Even if your client had sprinted to your clinic door and was using anaerobic glycolysis for energy production, by the time you conduct your assessment and they get on the table, the body has likely taken care of itself (i.e. removed the lactic acid).
If you happen to be waiting at the finish line ready to immediately treat your client, you must understand that (a) you are weird and (b) treatment may impede blood flow and actually delay your client’s recovery.

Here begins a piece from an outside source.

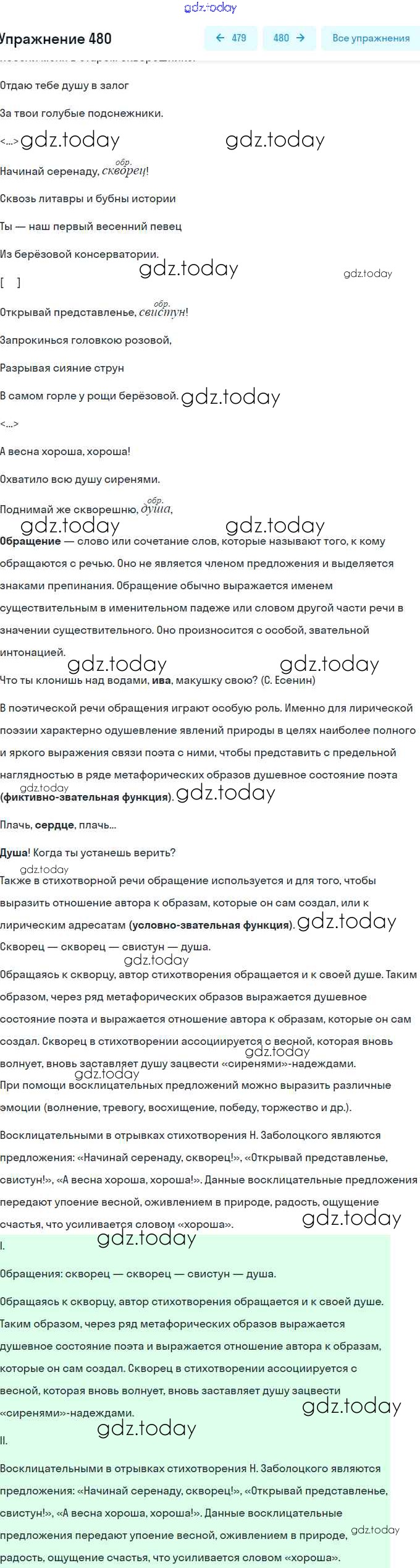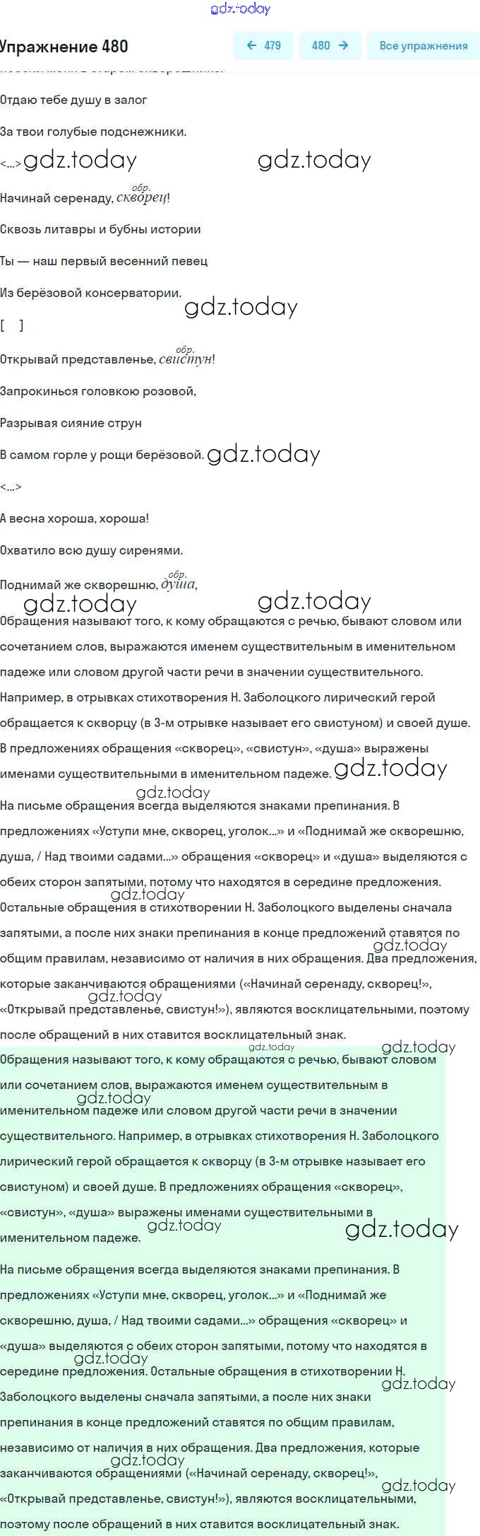 На страницах сайта gdz.today вы найдете учебный и вспомогательный материал, направленный на улучшения знаний школьной программы. ГДЗ - онлайн мир знаний Решение. Упражнения 480 Практике по Русскому языку для 8 класса Пичугов, Еремеева Дрофа, Дрофа Вертикаль 2016, 2022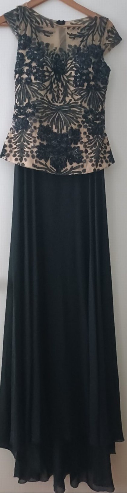 Satenimsi kumaştan, drapeli, kayık yaka ve kolsuz siyah uzun elbise. Gevşek kesimi ve desenli gotik tarzıyla ofis için uygun.

Why does this myth persist?
There are a few reasons:
It is heavily ingrained in the public’s mind and most of them feel better having something to blame their pain on. For post-exercise pain, lactic acid is the cultural go-to culprit of choice. As long as people feel better after a massage, they are happy and likely don’t care what it is we did.
People feel smart when they get to use fancy words. If they wanted to learn the ins and outs, they would.
Lactic acid is still blamed by massage therapists, personal trainers, old guys at footy clubs, young guys at footy clubs, all the way to those honest Instagram influencers selling magic water. But keep in mind that these are all people; they too feel and look smart when they get to use fancy words, specially if they’re selling stuff.
Most courses skim over this stuff and most teachers are happy to do so because it’s the easy option. Otherwise, they would be making the effort.
Like most careers, we learn more on the job than we do at college. However, most therapists just pass down what they do and why they think it works and get defensive when pushed for further insight or, god forbid, evidence or even a valid explanation of concept.
Most therapists just want to help people and the thought of having to unlearn and relearn everything is overwhelming. Therefore, they continue to dish out the common catchphrases and figure that as long as clients are happy, who cares? And the profession remains in the dark ages yet again.
Rumour has it if you put a silicone cup to your ear, you can still hear massage therapists removing lactic acid.